Marcus was barred from contacting me. Barred from entering the house. Barred from moving assets. Barred from approaching my medical providers. Barred from making public statements about my mental health.
The second order froze everything.
Accounts.
LLCs.
Investment vehicles.
Cayman transfers.
Brokerage portfolios.
The house.
The cars.
The OmniCorp acquisition collapsed within seventy-two hours. Their board issued a statement using phrases like “fiduciary concern,” “material misrepresentation,” and “catastrophic failure of executive judgment.”
Translation: Marcus had become radioactive.
Wells Innovations’ board removed him before the week ended.
His face appeared on the same business channels that had once praised him, but now the headlines crawled beneath his image like a public obituary for reputation.
TECH FOUNDER ACCUSED OF FRAUD IN EXPLOSIVE DIVORCE HEARING.
I did not watch after the first day.
I had already seen enough of Marcus on screens.
The house felt strange when I returned.
Not safe yet.
Mine, but not peaceful.
His smell still lived in the closet. His shoes sat lined up in the dressing room. His awards gleamed on the office wall. The leather couch from the video sat beneath the window, polished and guilty.
I stood in that office for a long time.
Then I called a donation service.
“Everything,” I said.
The woman on the phone asked, “Everything from the office?”
“Everything that isn’t evidence.”
Sarah sent a paralegal to supervise what needed to be preserved. The rest went into boxes. Suits. Framed awards. Golf trophies. Tech conference plaques. The chair where Chloe had sat with champagne.
Especially the chair.
I repainted the room cream.
Warm cream.
Not minimalist white. Not the cold gallery color Marcus loved because it made people afraid to touch anything.

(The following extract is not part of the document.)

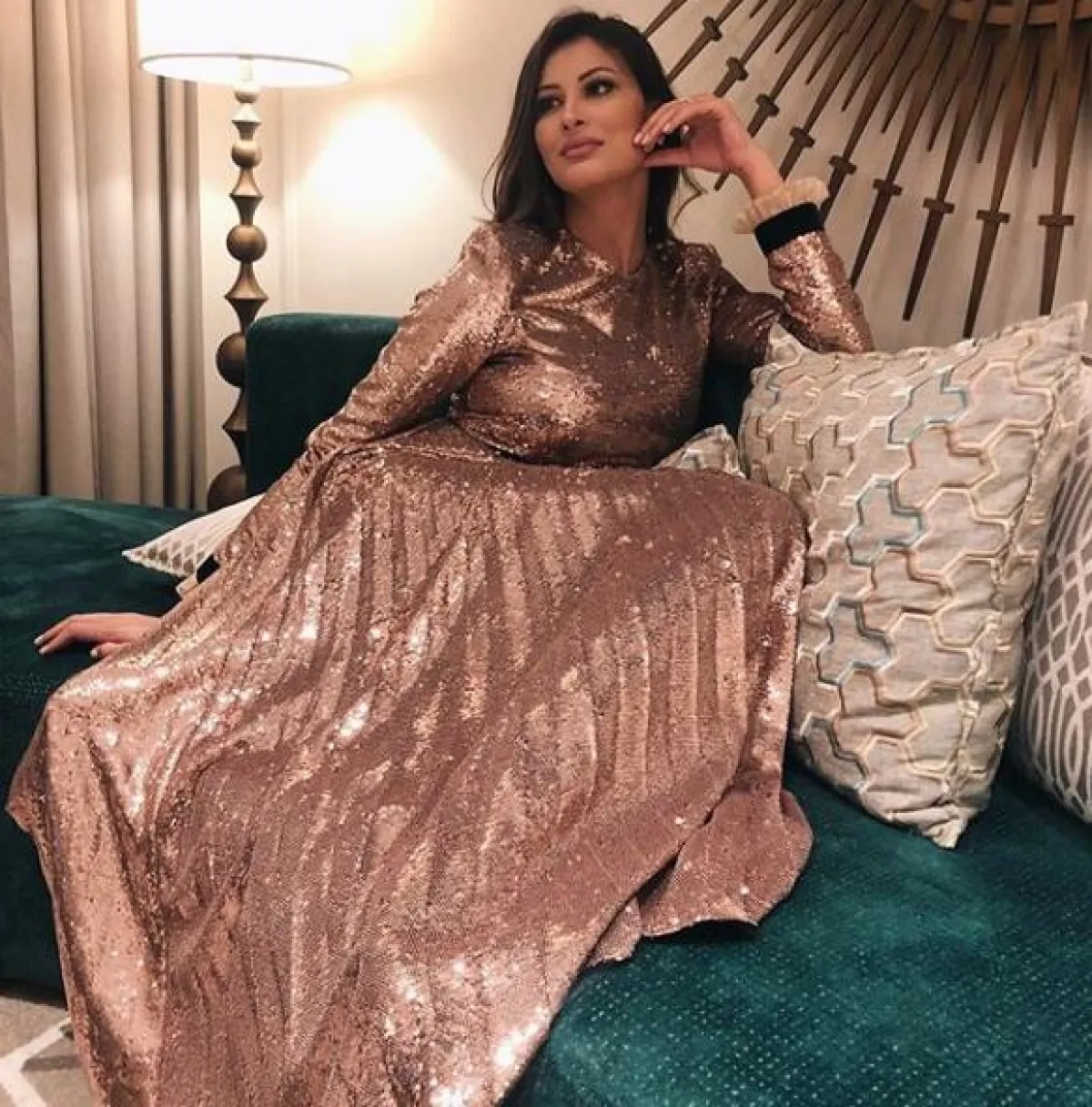 لوك أنثوي ناعم بدت فيه ريم سعيدي أنيقة خلال فترة الحمل، وكان عبارة عن فستان ميدي براق باللون الزهري، قصته منسدلة زينت خصره بحزام رفيع باللون الفضي، واختارت معه حقيبة كتف باللون البيج وحذاء بكعب عالٍ باللون الأبيض، وبعض الاكسسوارات الذهبية الناعمة.

I chose a color called Morning Bread because the name made me laugh in the paint store.
I needed things that made me laugh.
Two months before my due date, I began planting.
Hydrangeas.
Lavender.
Rosemary.
Tomatoes in raised beds.
The garden had been designed by a landscape architect Marcus hired because he wanted the backyard to look like a hotel. It had clean lines, black stone, sculptural grasses, and no softness.